Data items
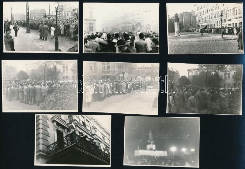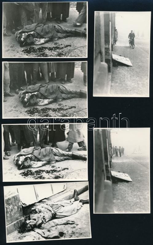 Beschreibung: 1988-1989 Inconnu Független Művészeti Csoport FelhÃvása a Rákoskeresztúri KöztemetÅ‘ 301-es parcellájában állÃtandó kopjafák ügyében, adomány gyűjtés részére. A kezdeményezés védnökeinek névsorával (pl.:Krassó György, Mécs Imre...stb.) "A cÃmet ellenÅ‘riztem. A kiadvány hiteléül." után Dienes István (1929-1995) régész, muzeológus aláÃrásával. + 1956 22 db fotó az 1956-os eseményekrÅ‘l, 6x8 cm
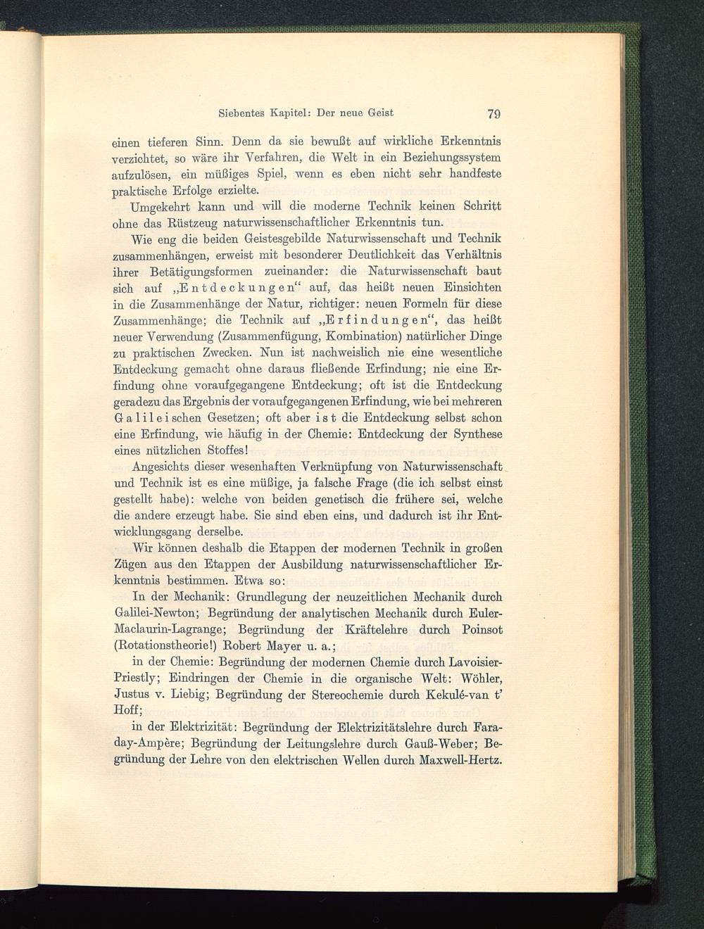 Wie eng die beiden Geistesgebilde Naturwissenschaft und TechnikZusammenhängen, erweist mit besonderer Deutlichkeit das Verhältnisihrer Betätigungsformen zueinander: die Naturwissenschaft bautsich auf „Entdeckungen“ auf, das heißt neuen Einsichtenin die Zusammenhänge der Natur, richtiger: neuen Formeln für dieseZusammenhänge; die Technik auf „Erfindungen“, das heißtneuer Verwendung (Zusammenfügung, Kombination) natürlicher Dingezu praktischen Zwecken. Nun ist nachweislich nie eine wesentlicheEntdeckung gemacht ohne daraus fließende Erfindung; nie eine Er-findung ohne vorauf gegangene Entdeckung; oft ist die Entdeckunggeradezu das Ergebnis der voraufgegangenen Erfindung, wie bei mehrerenGalilei sehen Gesetzen; oft aber ist die Entdeckung selbst schoneine Erfindung, wie häufig in der Chemie: Entdeckung der Syntheseeines nützlichen Stoffes!
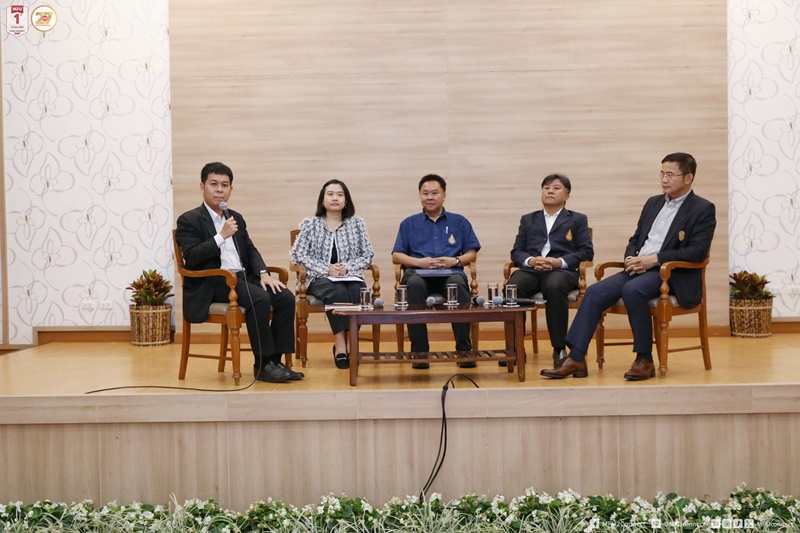 The academic panel discussions brought together distinguished experts from a wide range of disciplines,including Assistant Professor Dr. Thanikul Chandra, Dean of the School of Social Innovation, MFU; Assistant Professor Dr. Apisom Intralawan, School of Management, MFU; Mr. Pattana Sitthisombat, Chairman of the Committee for the Quadrangle Economic Development Project, Chamber of Commerce of the 10 Northern Provinces; and Associate Professor Dr. Thawatchai Apidechkul, School of Health Science, MFU. The session was moderated by Acting Sub-Lieutenant Seksarn Anandasirikiate, Senior Researcher at the Institute of Strategic and International Studies.
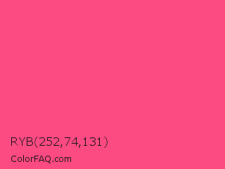 RYB 252,74,131 Color is a light rose color and the nearest color is Sasquatch Socks #ff4681. Hex code #fc4a83 and RGB value is rgb(252,74,131). In RGB color space, this color is composed of 99% red, 29% green, 51% blue, In CMYK color space, this color is composed of 0% cyan, 71% magenta, 48% yellow , 1% black , In HSL color space, this color has a hue angle of 341° , 97% saturation and 64% lightness.
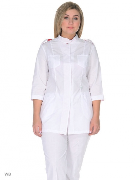 Женская медицинская блуза с рукавом ¾. Оригинальность модели придают цветные детали нижнего воротника, нижних частей погон, подборт потайной застежки, и цветные петли. Застежка потайная с одной верхней пуговицей и цветной петлей. По спинке между рельефами кулиска на эластичной ленте.
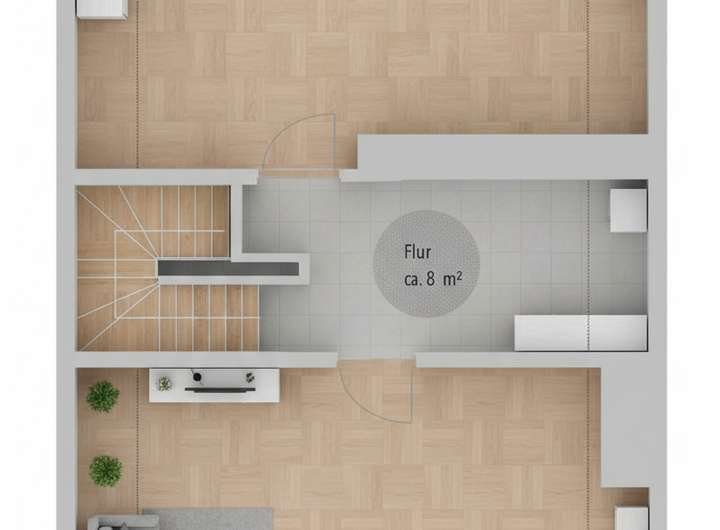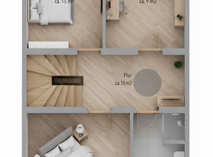 Im Obergeschoss erwarten Sie drei großzügige Zimmer, die sich flexibel als Schlaf-, Kinder- oder Arbeitsräume nutzen lassen.
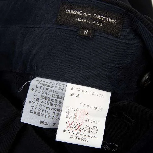 コムデギャルソン オム プリュスCOMME des GARCONS HOMME PLUS 2タック裾デザインポリパンツ 紺S
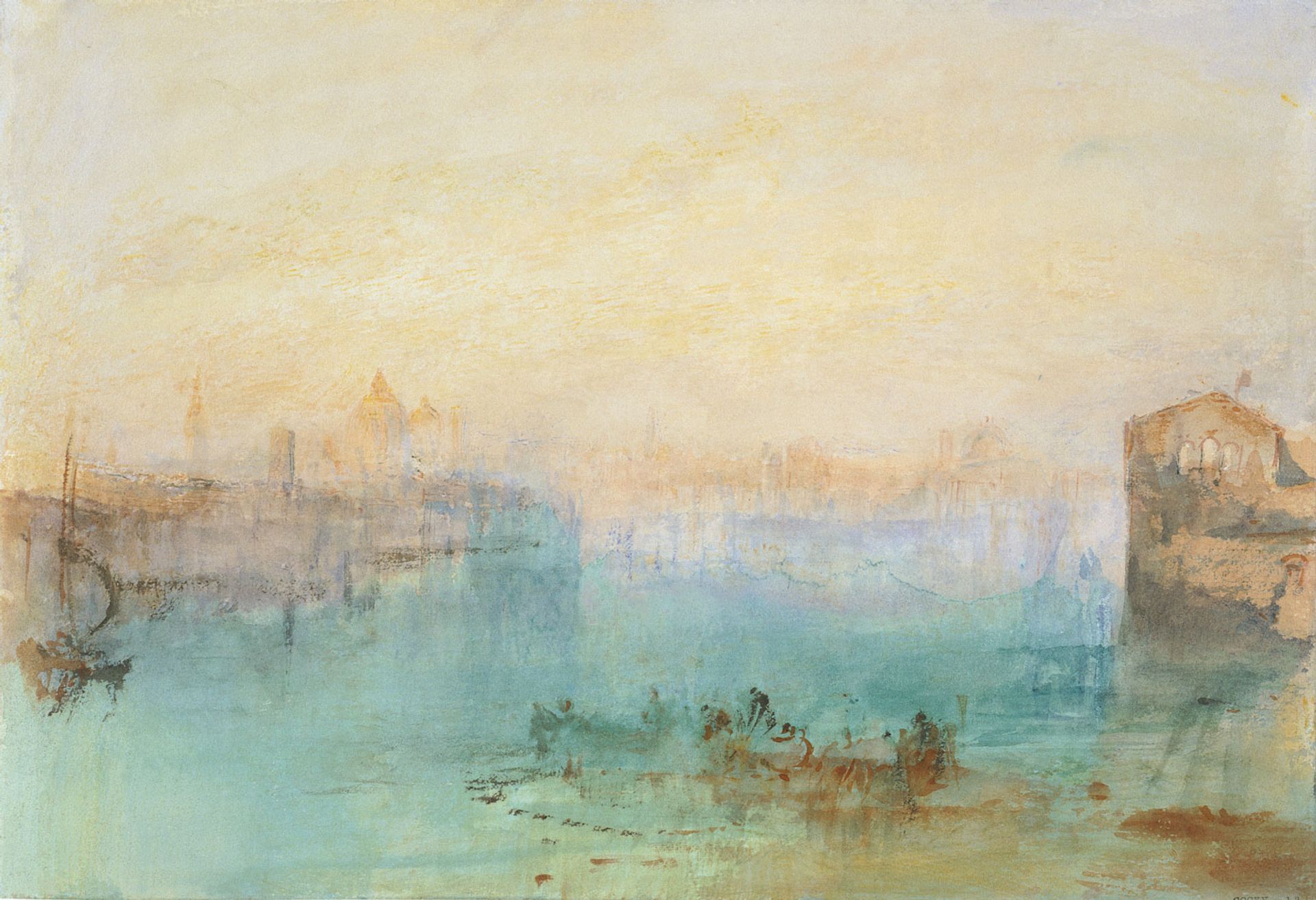 This watercolour, showing a vessel in the foreground bathed in a blue light, captures the vast scale of the Giudecca Canal, allowing Turner to be slightly more experimental. Warrell says that “in his field notes, the western Giudecca was a place that resonated in his later work. Much of this has to do with the width and openness of the canal, which enabled him to produce expansive prospects of Venice, where the waterfronts on either side frame the natural drama of light—whether sunrise or sunset—infusing and transforming the space in between.” The wispy outline of Venetian landmarks around the perimeter, such as the campanile of San Marco, frame the atmospheric work.

▸ **Exercise**:
Return every entry exactly, dropping the pictures.

▸ **Finished task**:
 Beschreibung: 1988-1989 Inconnu Független Művészeti Csoport FelhÃvása a Rákoskeresztúri KöztemetÅ‘ 301-es parcellájában állÃtandó kopjafák ügyében, adomány gyűjtés részére. A kezdeményezés védnökeinek névsorával (pl.:Krassó György, Mécs Imre...stb.) "A cÃmet ellenÅ‘riztem. A kiadvány hiteléül." után Dienes István (1929-1995) régész, muzeológus aláÃrásával. + 1956 22 db fotó az 1956-os eseményekrÅ‘l, 6x8 cm
 Wie eng die beiden Geistesgebilde Naturwissenschaft und TechnikZusammenhängen, erweist mit besonderer Deutlichkeit das Verhältnisihrer Betätigungsformen zueinander: die Naturwissenschaft bautsich auf „Entdeckungen“ auf, das heißt neuen Einsichtenin die Zusammenhänge der Natur, richtiger: neuen Formeln für dieseZusammenhänge; die Technik auf „Erfindungen“, das heißtneuer Verwendung (Zusammenfügung, Kombination) natürlicher Dingezu praktischen Zwecken. Nun ist nachweislich nie eine wesentlicheEntdeckung gemacht ohne daraus fließende Erfindung; nie eine Er-findung ohne vorauf gegangene Entdeckung; oft ist die Entdeckunggeradezu das Ergebnis der voraufgegangenen Erfindung, wie bei mehrerenGalilei sehen Gesetzen; oft aber ist die Entdeckung selbst schoneine Erfindung, wie häufig in der Chemie: Entdeckung der Syntheseeines nützlichen Stoffes!
 The academic panel discussions brought together distinguished experts from a wide range of disciplines,including Assistant Professor Dr. Thanikul Chandra, Dean of the School of Social Innovation, MFU; Assistant Professor Dr. Apisom Intralawan, School of Management, MFU; Mr. Pattana Sitthisombat, Chairman of the Committee for the Quadrangle Economic Development Project, Chamber of Commerce of the 10 Northern Provinces; and Associate Professor Dr. Thawatchai Apidechkul, School of Health Science, MFU. The session was moderated by Acting Sub-Lieutenant Seksarn Anandasirikiate, Senior Researcher at the Institute of Strategic and International Studies.
 RYB 252,74,131 Color is a light rose color and the nearest color is Sasquatch Socks #ff4681. Hex code #fc4a83 and RGB value is rgb(252,74,131). In RGB color space, this color is composed of 99% red, 29% green, 51% blue, In CMYK color space, this color is composed of 0% cyan, 71% magenta, 48% yellow , 1% black , In HSL color space, this color has a hue angle of 341° , 97% saturation and 64% lightness.
 Женская медицинская блуза с рукавом ¾. Оригинальность модели придают цветные детали нижнего воротника, нижних частей погон, подборт потайной застежки, и цветные петли. Застежка потайная с одной верхней пуговицей и цветной петлей. По спинке между рельефами кулиска на эластичной ленте.
 Im Obergeschoss erwarten Sie drei großzügige Zimmer, die sich flexibel als Schlaf-, Kinder- oder Arbeitsräume nutzen lassen.
 コムデギャルソン オム プリュスCOMME des GARCONS HOMME PLUS 2タック裾デザインポリパンツ 紺S
 This watercolour, showing a vessel in the foreground bathed in a blue light, captures the vast scale of the Giudecca Canal, allowing Turner to be slightly more experimental. Warrell says that “in his field notes, the western Giudecca was a place that resonated in his later work. Much of this has to do with the width and openness of the canal, which enabled him to produce expansive prospects of Venice, where the waterfronts on either side frame the natural drama of light—whether sunrise or sunset—infusing and transforming the space in between.” The wispy outline of Venetian landmarks around the perimeter, such as the campanile of San Marco, frame the atmospheric work.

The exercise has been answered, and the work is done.